It might be news to the noisome Mayor Newsome of San Francisco, but it should not be news to libertarians: Not conferring the benefits of marriage on homosexual unions does not in the least violate the rights of gays. Not if we adhere to the libertarian definition of rights as the inalienable rights to life, liberty and property. Since these are the only rights libertarians wish the state to enforce, equality under the law is thus the requirement that the state not deprive any person of life, liberty, or property, without due process.
Having one’s relationship blessed by the state simply does not constitute a basic right.
To suggest this is the case is to equate state-granted benefits with rights, and different treatment with discrimination. To claim gays are denied basic rights is to base one’s claim on a monumental misconstruing of the concept of individual rights.
Furthermore, a linguistic definition is not a semantic flight of fancy, but a description of the nature of a thing. The ever-so-mod New Oxford American Dictionary defines marriage as “the formal union of a man and a woman.” Based on the inherent qualities of the thing being described, “marriage” is clearly different from “same-sex unions.” Setting aside the view some egalitarians hold that this definition must be made more inclusive, why is it irrational or unfair for the state to treat a thing in accordance with its properties or nature?
Notwithstanding that libertarians do not approve of state benefits, for the state to allot different – or no – benefits to different entities does not amount to unequal treatment under the law. If it did, an employed person could demand the “right” to claim welfare benefits while employed.
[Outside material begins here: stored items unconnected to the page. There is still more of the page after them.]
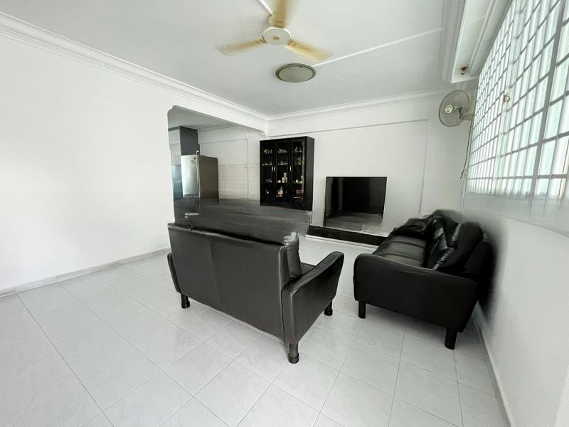 Step into this well-maintained 3-bedroom flat and feel the bright ambiance envelop you. The white tiled flooring reflects natural light, creating a warm and inviting atmosphere. Enjoy urban views from the living room, where recessed ceiling lights and a stylish white floating TV console enhance the modern aesthetic. Each room is equipped with ceiling fans, ensuring comfort throughout the day.
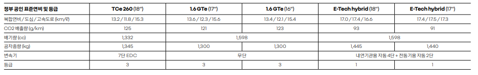 특히 E-TECH 하이브리드 모델의 연비가 인상적입니다.
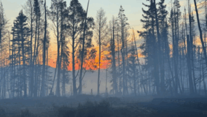 “It was pretty surreal when we looked at it (the fire), everyone for a lot of years has said, you know, when that goes, it’s going to really go,” said Megan Robinson, who lives in nearby Monroe but has property in the fire area. “We have 20 acres in Monroe Meadows, and our property burned up a couple days after the fire started.” When Robinson and her husband saw the fire begin to grow on July 13, her husband and son-in-law immediately went to their property on Monroe Mountain and began moving large equipment, even putting it in a neighbor’s pond, which allowed them to be unscathed after the fire moved through. They also removed cattle from the area. Her husband also moved some trailers, many of which are still standing.

Egalitarians, however, do not like the fact that reality-based, objective dissimilarities give rise to disparate treatment. They thus resort to inflammatory civil-rights rhetoric. However, it doesn’t change the fact that treating gay couples (or heterosexual cohabitants, for that matter) differently than married people isn’t inequality under the law, because their rights to life, liberty and property are not denied.
More proof that gay couples’ rights are not being infringed is the fact that nothing prevents them from solemnizing their commitments through promises, vows, contracts and living wills. Other than the Social Security provision, which ought to be privatized, there aren’t really many so-called benefits the state confers on married couples that are not available to gays through private contracts.
The rousing raves about discrimination aside, if we define rights properly, we must conclude that gay couples are not being denied their individual rights.
Ideally, government should be entirely divorced from the nuptial business. But from the fact that the state upholds traditional marriage, why does it follow that it is violating the individual rights of same-sex couples who clearly don’t fit the definition or the profile?
Changing the definition of marriage to include gay unions will inevitably broaden the scope of the civil-rights tyranny. If the history of the civil-rights revolution is anything to go by, creating new categories to protect and to privilege is bound to extend the legal reach of these couples (and their lawyers) to pockets and property not their own, in essence leading to more violations of the rights of employers, landlords and … perhaps parents. If the American Law Institute has its way, says Dr. Allan C. Carlson, fathers (and, presumably, mothers) will have to share visitation rights or even custody with the lesbian (or homosexual) partner of their child’s biological parent.
An expansion of this kind in government power is indubitably undesirable.
Ideally, religious institutions ought to act as the ministers of marriage. If marriage were thus privatized, conservatives would have to accept that some liberal churches and synagogues (the mullahs in their mosques would resist) will wed homosexuals.
If federalism were respected, liberals and leftist libertarians would equally have to live with the fact that the people of most states would probably not extend to other unions the protections they afford marriage – 38 states have so far passed laws, the implication of which is to confine marriage benefits to those who fall within the known definition.
Like it or not, the American scheme, and the (now sadly obsolete) 10th Amendment, dictates that whatever is not specified as a power of the federal government and is not prohibited to the states, is reserved to the states or the people.
This applies to the sanctimonious Mayor Newsome whose campy coup – issuing marriage licenses to same-sex couples in contravention of state law – did not rest on any coherent notion of individual rights. It sprung, rather, from the invented, casuistic constitutional doctrine that arose in the wake of the illegally ratified 14th Amendment.
The mayor should meditate on the meaning of one of the most magnificent documents of political philosophy, which states that, “Governments are instituted among Men, deriving their just Powers from the Consent of the Governed.”